The results presented in Table 5 are for H4e, H4f, H4g, and H4h. The result for H4e revealed that the direct effect of awareness on acceptability of AI for professionals who are between Asst Lect and Lect II (β = −.11, t = .99, p > .05) is negatively and non-significant, and for those who are between Lect 1 and Senior Lect (β = .09, t = .95, p > .05), but negatively significant for those who are professors (β = .38, t = 18.33, p < .0015), with the effect being stronger on those who are professors. The permutation test found a significant difference, but it was stronger consistently for those between Asst. lect and Lect. II compared to the other groups in the prediction of awareness of AI tools in counselling practices to acceptability. H4e, based on the result, was rejected. Similarly, for H4f, counsellors' awareness (β = −.36, t = .99, p > .05) does not significantly predict Asst Lect-Lect, but it for holds significantly predict those between Lect I-Snr Lect (β = −.36, t = 6.68, p < .001) and those who are professors (β = −.31, t = 10.92, p < .001). This showed that the awareness effect on application is stronger for professors and those between Lect I-Snr Lect. This is further shown in the paired-wise permutation, even though it showed an insignificant result across the three groups. Hence, the null hypothesis is supported. For H4g, which was on the direct effect of acceptance on application, for Asst.lect-Lect II (β = .61, t = 32.72, p < .001), it showed a significant effect, like wise for those who are Lect I-Snr Lect (β = .15, t = 4.64, p < .001) and Professors (β = −.16, t = 3.389, p < .001). This implies that all three groups have strong acceptability for the applicability of AI in counselling practices. Thus, H4g is rejected. For the mediating effect of acceptance on the linkage between awareness and application, for those who are Asst Lect-Lect II, it is negatively insignificant (β = −.07, t = .99, p > .05), and negatively insignificant for those who are Lect-I-Snr (β = −.01, t = .85, p > .05), but negatively significant for those who are professors (β = −.06, t = 3.146, <.001). The pair-wise permutation showed that even though it is stronger for professors, it does not vary strongly across all the groups. Thus, the hypothesis is retained.

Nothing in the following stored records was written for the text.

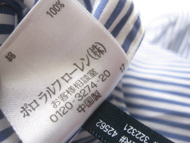 RALPHLAURENラルフローレン ターンナップカフスドレスシャツ6 白青ストライプ
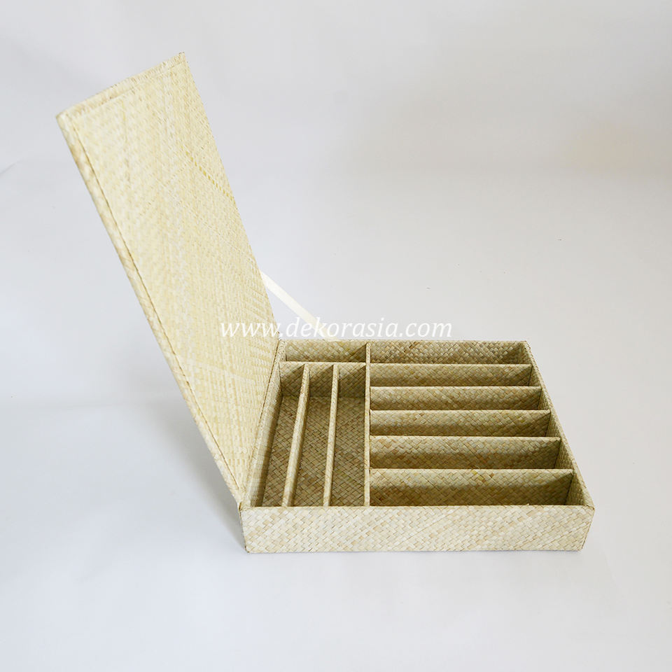 กล่องสานแฮนด์เมดแบบยั่งยืนพร้อมฝาปิดกล่องเก็บใบเตยสำหรับบ้านโรงแรมหรือบรรจุภัณฑ์ของขวัญ
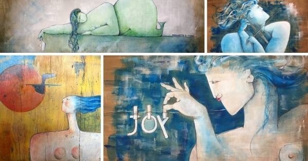 Se si pensa, dunque, alla fonte ispiratrice dei dipinti, si comprende più nitidamente la particolare attenzione per il colore blu, tradizionalmente associato alla parte maschile, dove però la sfumatura dolorosa non prevale. Qui, ci tiene a ribadire l’artista, non c’è un riferimento diretto all’espressione inglese “I’ve got the blues” che tende ad indicare uno stato di depressione e sofferenza, ma piuttosto l’espressione di una ricerca volta alla serenità, seppur nella consapevolezza che la propria metà sia venuta a mancare. Non a caso i quadri esposti conservano tutti una particolare cifra stilistica e cioè quella di rappresentare figure femminili morbide e materne, dipinte solo di profilo, in una prospettiva che rivela al mondo, dunque, una sola metà sopravvissuta e terrena, ma dove è ancora viva la forza di un sentimento d’amore profondo, proprio come il blu più intenso.
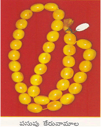 -->పసుపు కేరువామాలను తరచూ కడగడం వల్ల దాని మెరుగు, సొగసు తగ్గిపోతుంది. అందువల్ల జపం చేసేముందు సంకల్ప సిద్ధితో ఈ మాలపై మంత్రోదకాన్ని చిలకరిస్తే సరి. శుద్ధి చేసినట్లూ అవుతుంది, ఎప్పటికీ కొత్తగానే ఉంటుంది.
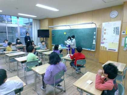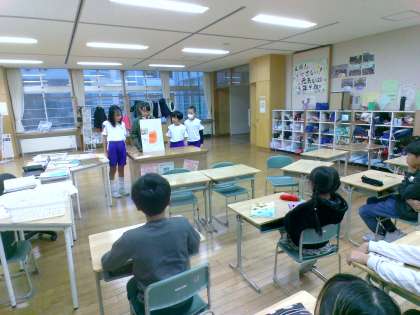 今日は自分たちの取組をちがうクラスの友達にも広めるためのお知らせに行きました。

The baseline model is presented in Figure 2 and provides the item loadings for each variable. The items loaded were appropriate except for APP 9 (.395) and APP 4 (.422) in the application that were below the .70, which is kept as a desirable benchmark (69). The items were not deleted since other assessment criteria were met (70). In Figure 3, the outer loading for gender was examined, and the results revealed that the loading of two items ranged appropriately except for APP 9 (.244) for the males. For professional ranks, item loading was appropriate for those who are Asst Lect-Lect II, except for some items that loaded poorly (APP 9-.516; APP 4-.515, and Awr1-.167). For those who are Lect I-Snr lect, item loading has some poor items loading in the model (APP 10-.531, AWR 1-.219, AWR 2-.449, and AWR 5-.279). Importantly, some items loaded poorly into the latent construct, such as items in APP and AWR. The removal of these items, even though they were poorly loaded, will affect the reliability of the measures, but the items for awareness may not be suitable for the professional counsellors since they loaded poorly for both gender and rank.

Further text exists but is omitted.